Потянул за рукав РамРая, пригибая к земле.

На кровь, Юга знал, всякая тварь прийти могла. А тут парнина под ногами лежала. Далеко или близко прокричали — дико, длинно, тошно. РамРай вздрогнул, но с шага не сбился.

Из мрева выскочило, налетело, слепо ударилось о них. Пискнуло женским голосом.

— Таир? — признал Юга, хватая за локоть девушку. — Где Аль?

Девушка закинулась, дрожа, заслонилась руками.

— Таир, это мы, — вылез РамРай.

Девушка его узнала. Всхлипнула, перестала биться.

— Где Аль? — настойчиво повторил Юга.

Порознь брат с сестрой не ходили. Вместе всегда, как на живую нить сшитые.

— Он… Это он…

Таир мотнула головой, не договорив. Разобранные волосы соломой валились на плечи. Юга переглянулся с РамРаем.

Прибили парня, прибрали? Кто-то из своих? Брат с сестрой вместе у спины Пегого стояли. Неужели самого…

— Пегий? — спросил Юга.

Таир сжалась, глянула через подрагивающие пальцы. Отняла руки. РамРай охнул жалостливо, Юга же промолчал. Один глаз девушке вынули, вставили наместо него братов.

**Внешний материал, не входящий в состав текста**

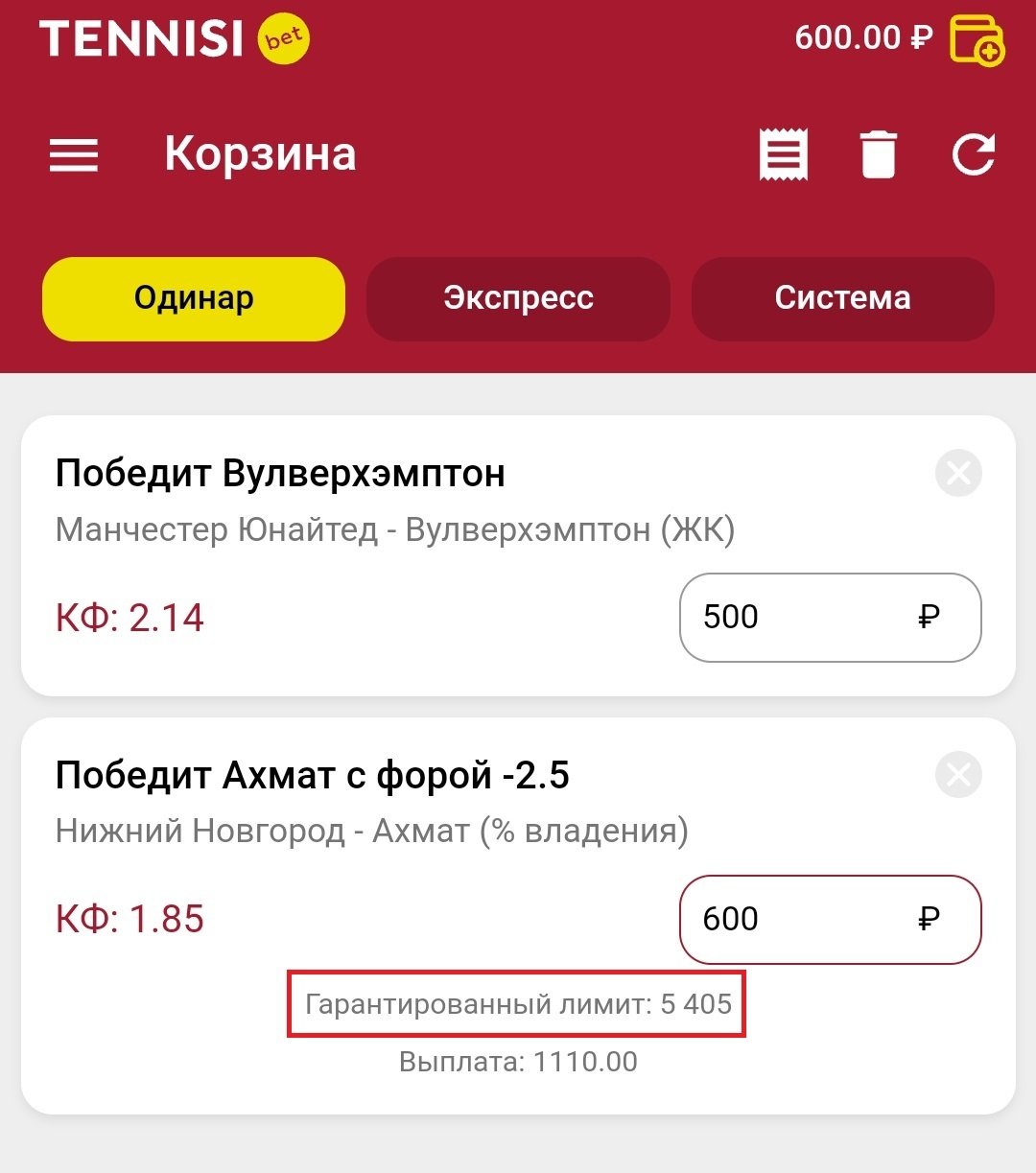 Букмекер вряд ли подойдёт для желающих ставить крупно: в правилах БК не прописаны максимумы по выигрышам, они ограничены лимитами на конкретный кэф. Глобально, продукт «Тенниси» настроен так, что ординаром в нём можно выиграть максимум миллион рублей (не чистыми). Это на П1/П2 топового футбика вроде РПЛ в день матча. На совсем громкие вывески, наверное, может быть и больше, но в целом пределы именно такие. Далее по убывающей в зависимости от уровня турнира и рынка.
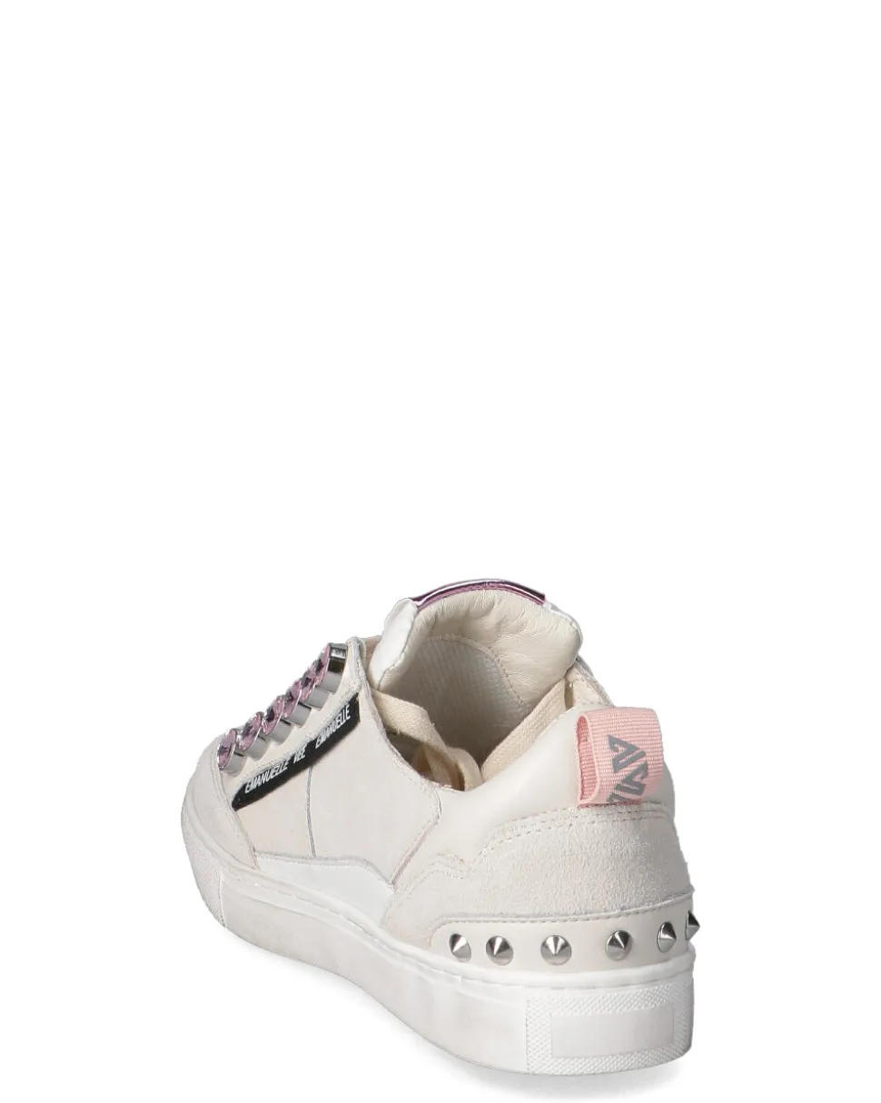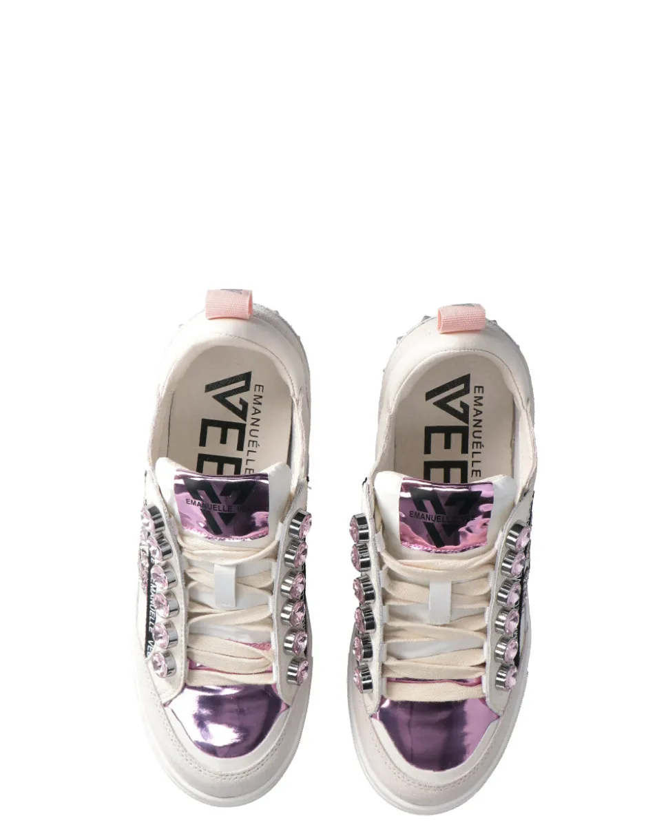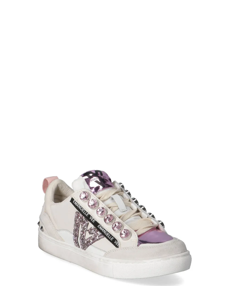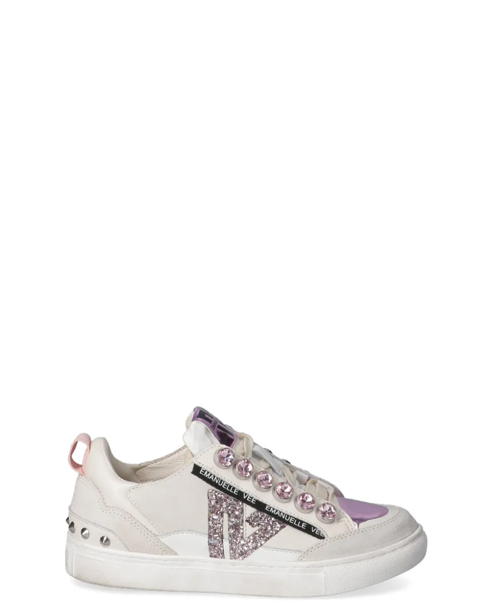 Sneaker allacciata multi materiale con dettaglio strass sull’allacciatura

— Пегий моим братом смотрит, — сказала Таир.

Голос у нее дрогнул, стал шершавым, шепотным.

— Мясо его ел. И мне давал. Я про то не знала. Простите.

Заплакала одним глазом. Другой глядел спокойно, с любопытством.

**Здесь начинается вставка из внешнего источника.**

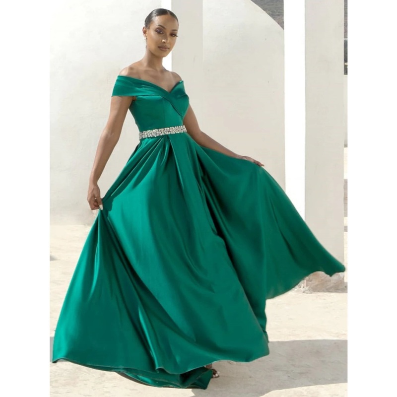 A-Line Evening Gown Elegant Dress Formal Sweep / Brush Train Christmas Red Green Dress Sleeveless Off Shoulder Satin with Pleats Crystals
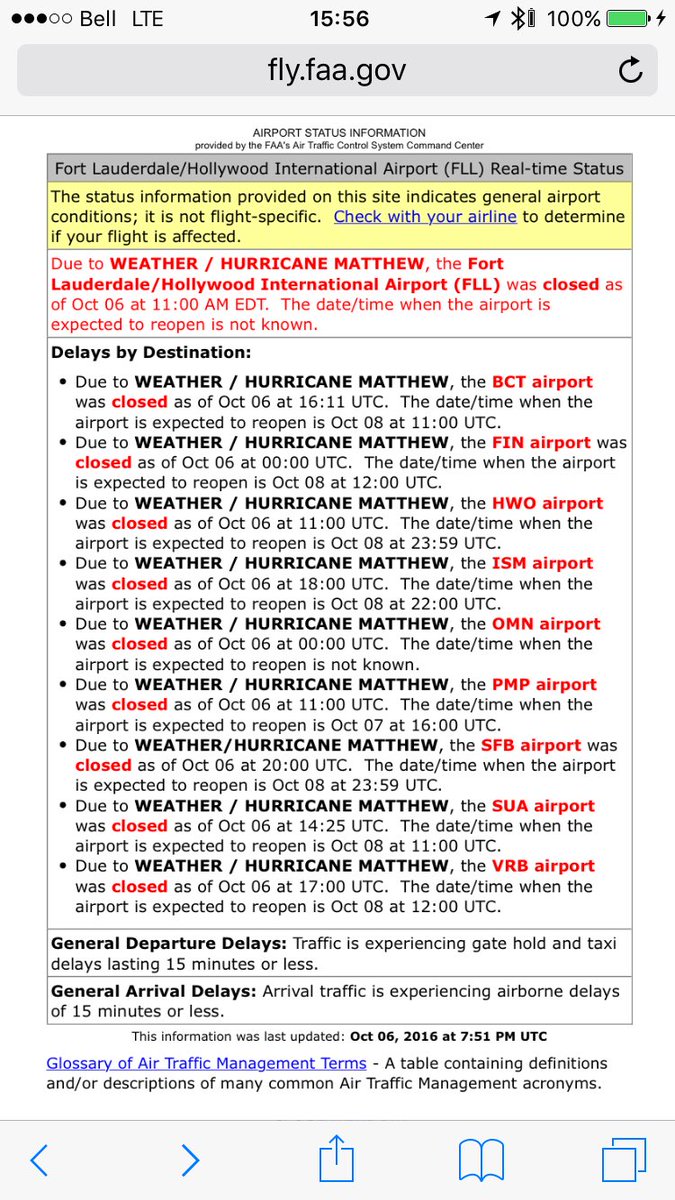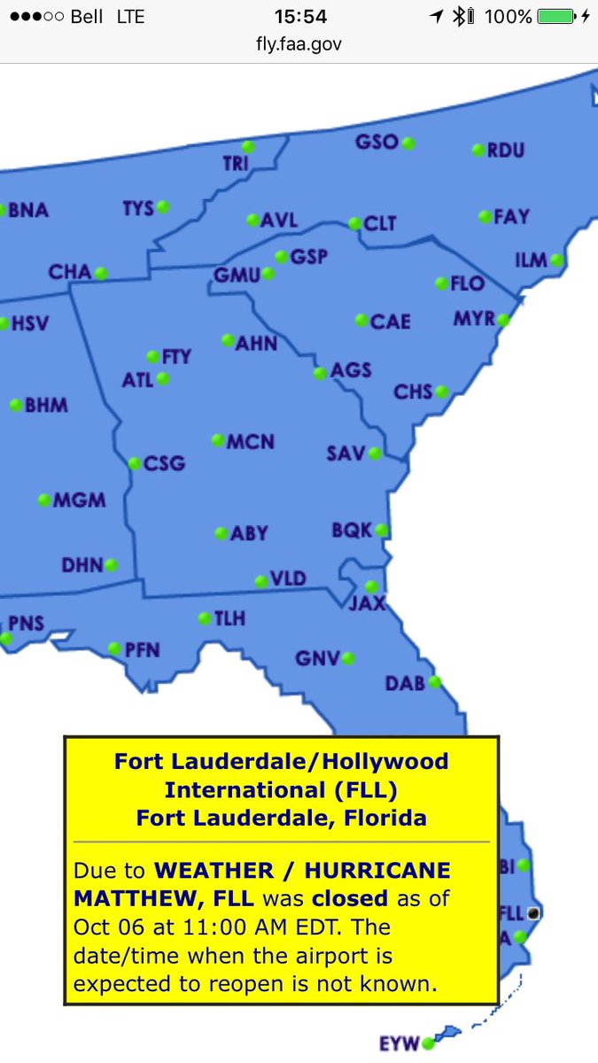 Ft Lauderdale Airport closed along with several surrounding airports. #HurricaneMatthew.

— Что ты, — РамРай взял ее, прижал к себе, стараясь успокоить. — Что ты…

Растерянно уставился на Юга.

Юга думал, горячо и быстро. Значит, Пегий. Третий не знал его, в его сторону не смотрел лишний раз, мыслил — один из старших. Столп. Человек верный.

Выпь с ним ближе сошелся.

— Кто еще знает?

— Никто, — всхлипнула Таир.

— Никто, — эхом подтвердил голос Пегого.

Накрыл их, как стакан. Нашел. Пришел сразу со всех сторон, из мрева просочился, от земли поднялся:

— Не бойся, черненький. Я тебя не трону. Я тебя не съем. Твое мясо — золото. Ты Манучеру — узда, ты ему — скоба. Зазноба, — Пегий тихо посмеялся. — Ничто не остановит, все сокрушит; перед тобой встанет.

Юга до крови укусил губу.

Выпь, Выпь, подумал тоскливо. Сколько народу о тебя бьется.

РамРай и Таир совсем затихли. Мрево залепляло глаза сметаной, ноздри заливало теплым медом. Дышать тяжело стало, не хватало воздуха.

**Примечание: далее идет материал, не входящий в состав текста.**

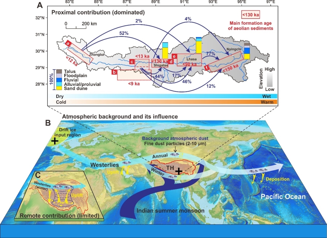 “過去6年間,我們團(tuán)隊(duì)踏遍雅江流域開展野外調(diào)查,首次繪就了風(fēng)成沉積物的空間分布圖,發(fā)現(xiàn)這些地表粉塵主要來(lái)自流域內(nèi)部,大多堆積于距今一萬(wàn)年以來(lái)。更關(guān)鍵的是,我們破解了地表粉塵的‘氣候密碼’:西風(fēng)與季風(fēng)攜手調(diào)控了濕度變化,而冷季太陽(yáng)輻射和冰量控制的高原冷季溫度決定了粉塵活動(dòng)的強(qiáng)弱。這些粉塵不僅深刻影響雅江流域的生態(tài)環(huán)境,還能搭乘‘西風(fēng)快車’,一路飄向下風(fēng)向地區(qū),對(duì)沿途海陸生態(tài)系統(tǒng)產(chǎn)生連鎖影響?!眻F(tuán)隊(duì)骨干楊軍懷博士后說。
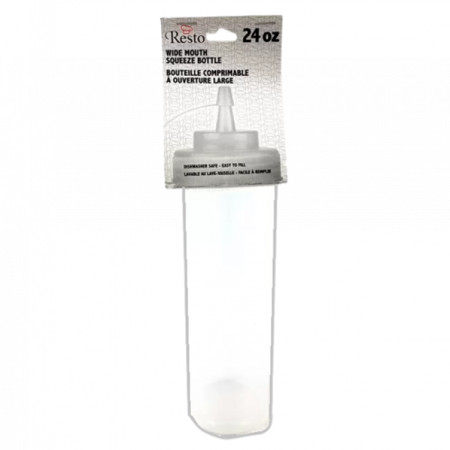 RESTO 24OZ WIDEMOUTH CLEAR SQUEEZE BOTTLE WITH LID 1EA is backordered and will ship as soon as it is back in stock.
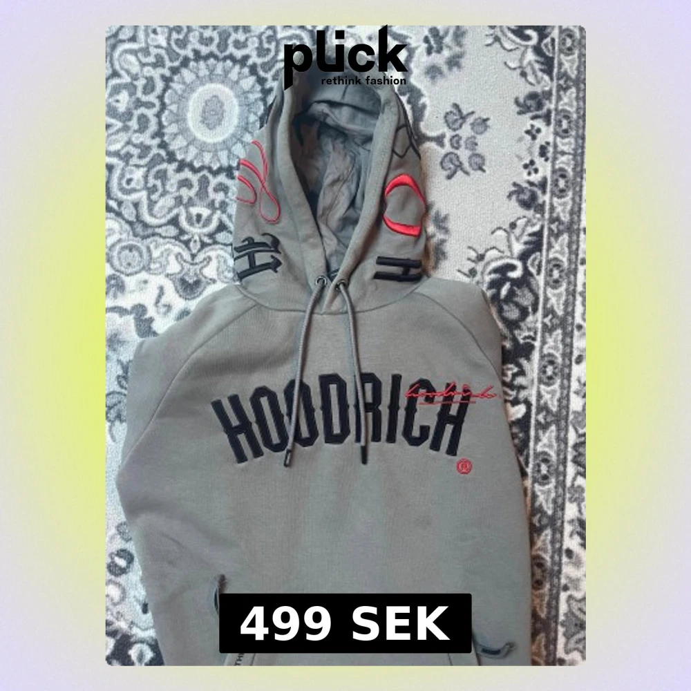 Snygg grå hoodie från Hoodrich i storlek S. Tröjan har svart broderad logga framtill, röda och svarta detaljer på huvan samt snörning. Praktisk ficka med dragkedja och mjukt bomullsmaterial. Perfekt för dig som gillar streetwear och vill sticka ut.

Таир хрипло застонала, схватилась ногтями за горло.

— Что же ты, — с упреком сказал Пегий. — Так, глядишь, весь лагерь поляжет. Думаешь, тут только белая корова да Хангары в личинах ходят?

Действовать, подумал Юга, сжимая кулаки. Надо было действовать, отбиваться, а значит — опять что-то сместить. Но и затаиться, ждать Юга не мог. Пегий наблюдал через Таир. Ждал.

Цепь скользнула из волос, освобождая. РамРай шепнул испуганно, но перечить не посмел. Юга еще колебался. Не мог решить, как поступить, что будет верно, а что — ошибочно. Подсказчиков тоже не было.

— Не смотри, — хрипло предупредил РамРая, — и ей не дозволяй.

Прикрыл глаза и шагнул в танец, как с обрыва ночью.

Веретено.

Мрево было живым, и живое в нем бродило, прибирало застрявших людей. У мрева был исход-исток, кто-то выпустил его из коровьего рога, натравил на лагерь, наговорил на смерть.

Юга собирался отнять у мрева его силу.

Потянул на себя плотное прядево, наматывая на пальцы, на кисти, на предплечья влажные полосы, в танце, в движении собирая волокна и волоконца;

вплел обрывчатые, зубчатые крики; капли крови; смуглоту лежащих пол лагерем корней; белизну трубчатых костей;

память лагеря, влажный хруст растущих клыков; коровий череп;

сны.

Мрево простонало, как живое, отхлынуло, вынимая рога из тел людей, разжал когти. Все задышало.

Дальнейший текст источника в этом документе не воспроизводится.